How to complete this task: Below is a listing with pictures in it; transcribe exactly the lines from the one that has "Give him a masculine" through the one that has "古市氏は「歯をちゃんと磨かな", and omit those pictures.
- - -
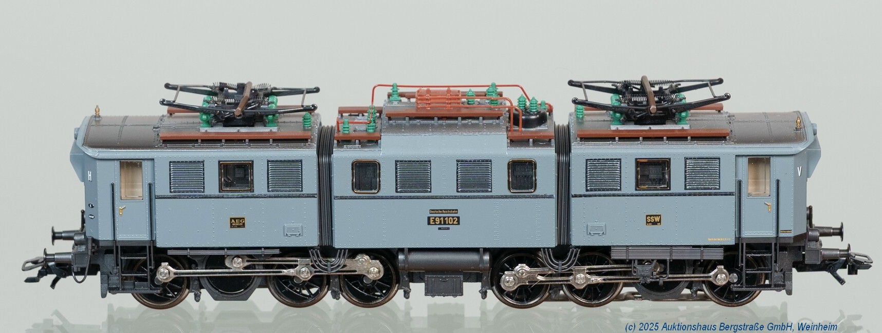 1525 | Tax: 64,- | 1 Märklin dreiteilige Elektrolokomotive 3528, Baureihe: E 91, Deutsche Reichsbahn Gesellschaft, Epoche II, Betriebsnummer: E 91.102, Achsfolge: 'C''C', Länge: ca. 19,8 cm, Gehäuse: grau, sehr guter Zustand, Originalkarton! | |
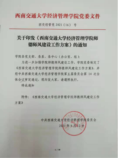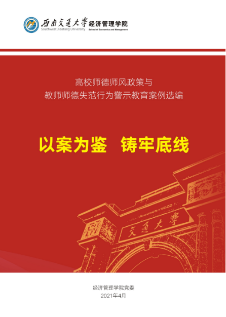 为全面贯彻落实党的教育方针,提高教师队伍整体素质,创建优良院风、教风和学风,提升教学质量和水平,培养和造就高素质创新型人才,经济管理公司党委制定师德师风建设工作方案,为全院教职工印发《高校师德师风政策与教师师德失范行为警示教育案例选编》,进一步推进学院师德师风建设进程。
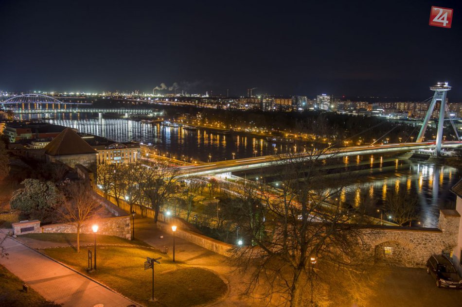 Večerný pohľad na bratislavské mosty. Vpredu most SNP, osvetlená nová mostná konštrukcia Starého mosta, most Apollo a celkom vzadu Prístavný most. Foto - Michal Svítok.
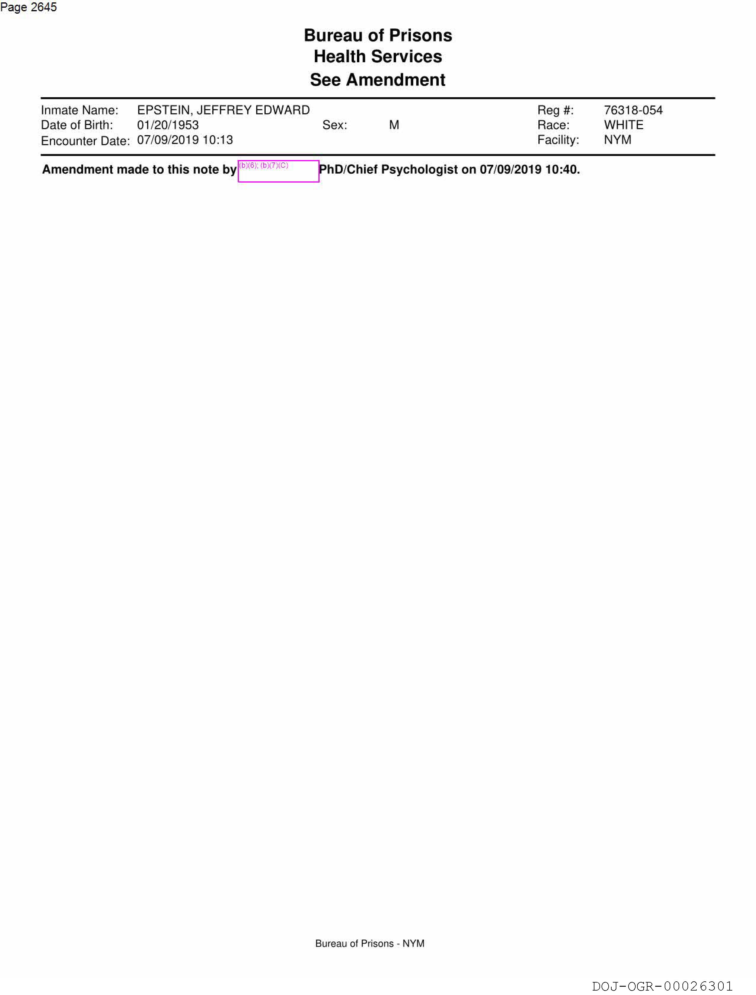 The image appears to be a photograph of a printed document, likely an official form or report from the "Bureau of Prisons Health Services" dated July 2013.
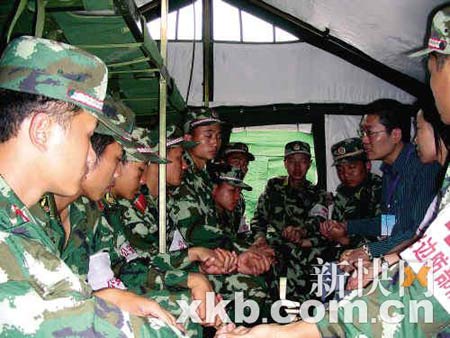 “300名孩子的尸體都堆在學校。我們就在不遠處扎營,晚上夢見死去的孩子們全部站起來了朝我走過來……”戰士小駱流著淚抓住心理救援隊專家的手訴說著。前日,廣州心理救援隊來到了廣東公安邊防總隊某支隊,在帳篷里為115名官兵進行心理輔導!皯鹗總冊诰仍畷r遇到的問題已經超過了他們的承受范圍,他們急需心理輔導!焙蛻鹗總兘涣髦蟮暮髦t生表達了自己的擔憂。
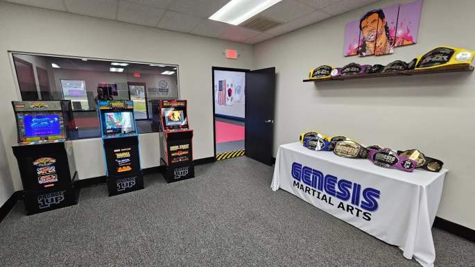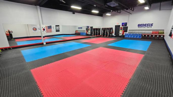 Genesis Martial Arts is a premier martial arts facility serving Waukesha and surrounding areas that is designed to meet the needs and expectations of our members. Our facility has a clean look with a modern feel that is sure to please! Genesis features a 2,000 square foot training area and a spacious 500 square foot lobby area. We have the latest training equipment from Century and Mooto. We also feature the BRAND NEW KPNP electronic sparring system currently used in the Olympics, 20/20 Armor electronic sparring system, and Daedo electronic sparring system. All three come with E-Chest Guards, E-Helmets and an Ultra HD scoreboard. Free wifi is available for all members.
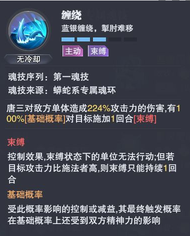 并将有概率对所有魂师产生【束缚】效果!是绝佳的强力控制魂技。
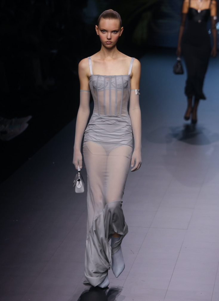 Αναμένοντας το καλοκαίρι, η μόδα μας ντύνει προκαταβολικά με τα ρούχα και τα αξεσουάρ του. Η αισθητική mermaidcore είναι μικρή εξέλιξη του resortwear και περιλαμβάνει ασορτί σετάκια, σουτιέν αντί για τοπάκια, διχτυωτά φορέματα, διαφάνειες, αλλά και παγιέτες σαν τα λέπια στο σώμα της γοργόνας. Γιατί δεν πας στο resort χωρίς κάτι λαμπερό.
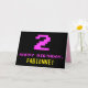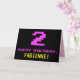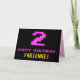 The front of this fun, geeky, and nerdy birthday-themed greeting card design features a large number "2" and the message "HAPPY BIRTHDAY," coloured pink, along with a bold yellow personalized recipient name. The text has an appearance inspired by that of vintage 8-bit style video game and computer game graphics from the 1970s and 1980s, and the background is coloured black. The inside has a customized birthday greeting message, or could perhaps be cleared and left blank if a message is to be written by hand instead. A silly customizable birthday card like this might be a fun way to send a message in celebration of somebody’s second birthday. [~Z0000478]
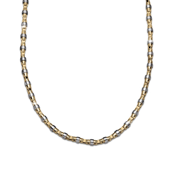 Give him a masculine and striking look. From the moment you receive this collection you won’t be disappointed. You’ll feel the weight and appreciate the quality. Fashioned from premium stainless steel with a two-tone finish. There are cuffs of steel around the 18k gold plated barrel sections which appear riveted in place. Available in necklace or matching bracelet – or buy together for additional savings.
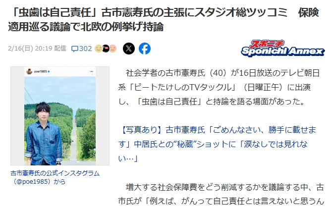 古市氏は「歯をちゃんと磨かなかったとか。北欧は基本的に医療費はほぼタダみたいなものだが歯は基本的に全額自己負担なんですね。これは理屈でいうと虫歯は自己責任だからっていう」と海外の実例を挙げ、「ブラッシングの仕組みをちゃんと身に付けて。だから18歳までは無料でいいと思うけどその間にちゃんと歯を磨く習慣を(身に付けさせる)」と話した。
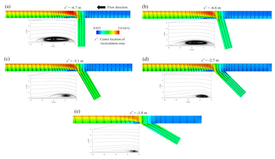 In this study, the reproducibility of the flow structures associated with the junction angle of the designed confluence was evaluated based on numerical simulation results. Figure 6 presents the depth-averaged velocity and streamlines in the recirculation zone developed by the tributary inflow. The inflow of the tributary causes flow separation and the maximum velocity is generated by flow contraction at the right bank. The stagnation zone appears in the upstream junction corner and the velocity at this point decreases. The size of the recirculation zone increases as the junction angle increases, which has been reported in previous studies [12,23,38,53].
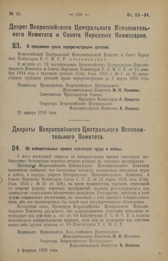 Декрет Всероссийского Центрального Исполнительного Комитета. Об избирательных правах инвалидов труда и войны. 1 февраля 1926 года
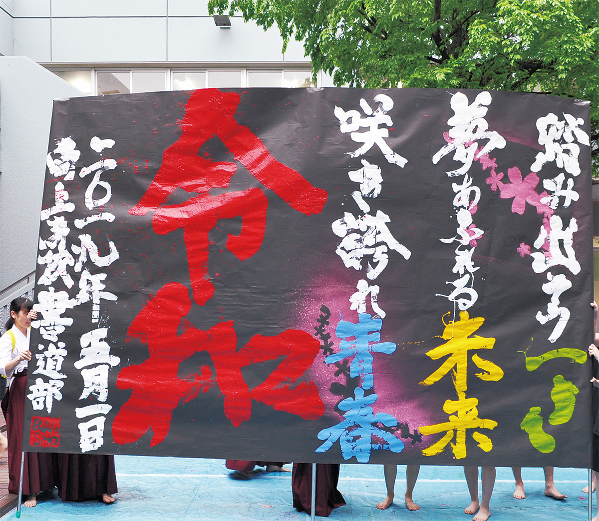 向上高校書道部(高橋邦夫顧問・部員19人)が新元号令和に向けて4月24日、同校の中庭で縦3m、横4mほどの模造紙に令和の文字と未来に向けたメッセージを書き上げた=写真。
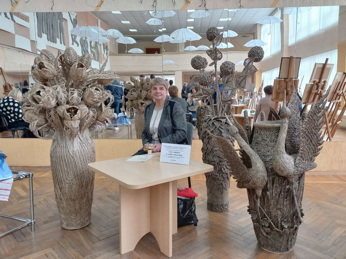 Например, Татьяна Купрашевич, работник ТЦСОН Волковысского района, привезла на выставку необычные вазы, выполненные из ротанговой и льняной нити, поражающие своей красотой. На одно изделие высотой около метра у мастерицы уходит порядка 100 клубков нитей, а по времени она затрачивает от одного до полутора лет.
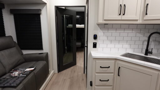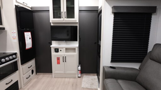 Inside, the center kitchen and living area offer a seamless flow, featuring a mid-size refrigerator powered by electric or propane, and a three-burner cooktop that invites culinary creativity. The theater seating provides a perfect spot to relax, while the full-size and queen beds ensure a restful night’s sleep for up to six guests. The front bedroom offers privacy and tranquility, with ample storage for all your essentials. With an 18-foot powered retractable awning, you can enjoy the great outdoors in style, making every destination feel like home.
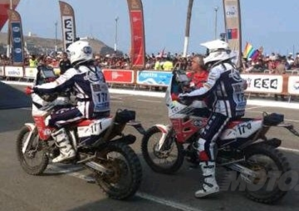 “Rampo” si esalta con l'acciarino vicino al serbatoio. A momenti facciamo brillare il villaggio Dakar e Lima. Fa notte. Finalmente siamo pronti, "controle final" passed, saliamo sul palco. 200mila persone. No, saranno stati 80/100 peruviani, ma per noi era come essere sul palco accanto a Vasco. Lo speaker incalza, noi riusciamo a salire tutti e 3 senza ucciderci. Intervista, non so che ho detto, scendiamo e andiamo verso il parco chiuso. Pietrone nascosto nell'erba, a momenti vado in terra.
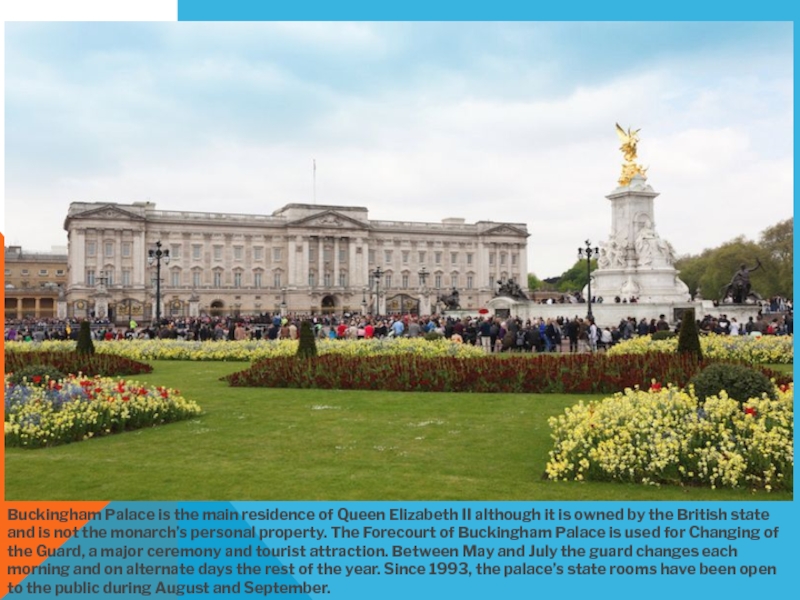 Слайд 8Buckingham Palace is the main residence of Queen Elizabeth II although
- - -
Output below:
 Give him a masculine and striking look. From the moment you receive this collection you won’t be disappointed. You’ll feel the weight and appreciate the quality. Fashioned from premium stainless steel with a two-tone finish. There are cuffs of steel around the 18k gold plated barrel sections which appear riveted in place. Available in necklace or matching bracelet – or buy together for additional savings.
 古市氏は「歯をちゃんと磨かなかったとか。北欧は基本的に医療費はほぼタダみたいなものだが歯は基本的に全額自己負担なんですね。これは理屈でいうと虫歯は自己責任だからっていう」と海外の実例を挙げ、「ブラッシングの仕組みをちゃんと身に付けて。だから18歳までは無料でいいと思うけどその間にちゃんと歯を磨く習慣を(身に付けさせる)」と話した。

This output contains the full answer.